▶ _EXCERPTED RECORDS_
________________________________________
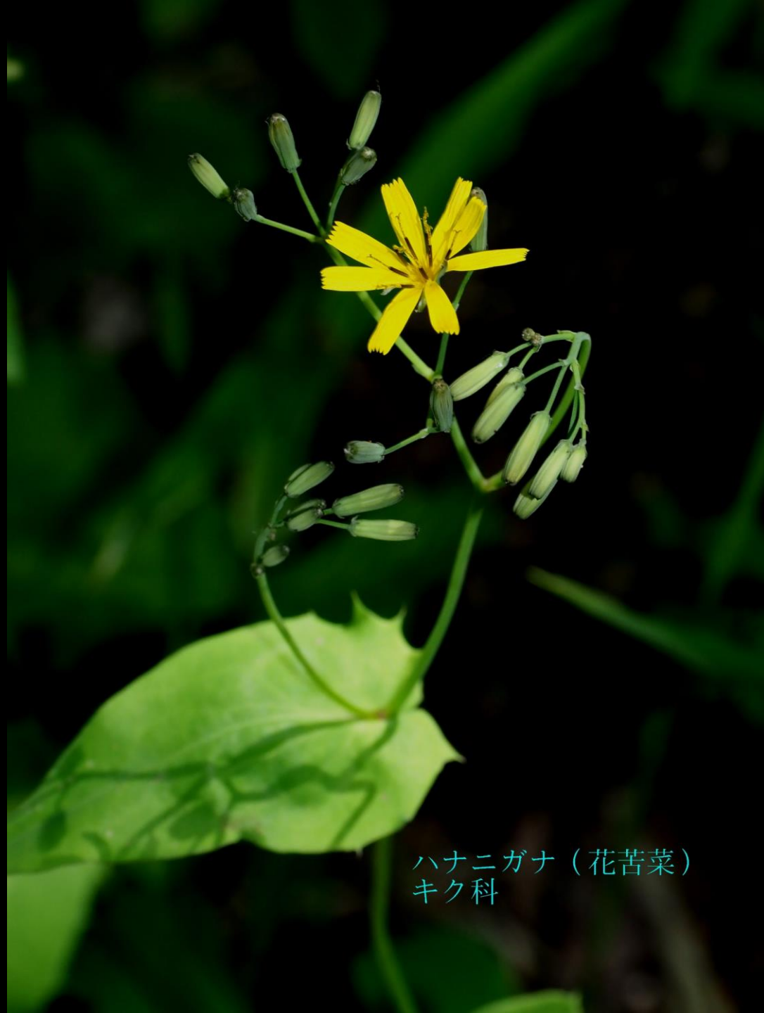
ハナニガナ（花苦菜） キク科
________________________________________
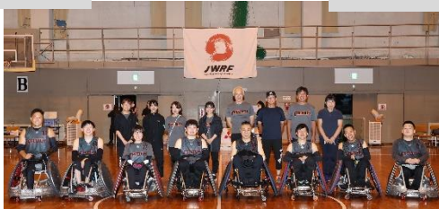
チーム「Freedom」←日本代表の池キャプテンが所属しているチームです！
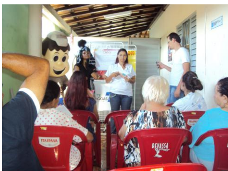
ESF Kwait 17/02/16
________________________________________
▶ _EXERCISE BRIEF_
Write down exactly what the lines above say, from the line holding "チーム「Freedom」←日本代表の池キャプテンが所属しているチームです！" through the line holding "ESF Kwait 17/02/16", and nothing more. Do not copy the pictures.

▶ _RESULT BELOW_
チーム「Freedom」←日本代表の池キャプテンが所属しているチームです！
ESF Kwait 17/02/16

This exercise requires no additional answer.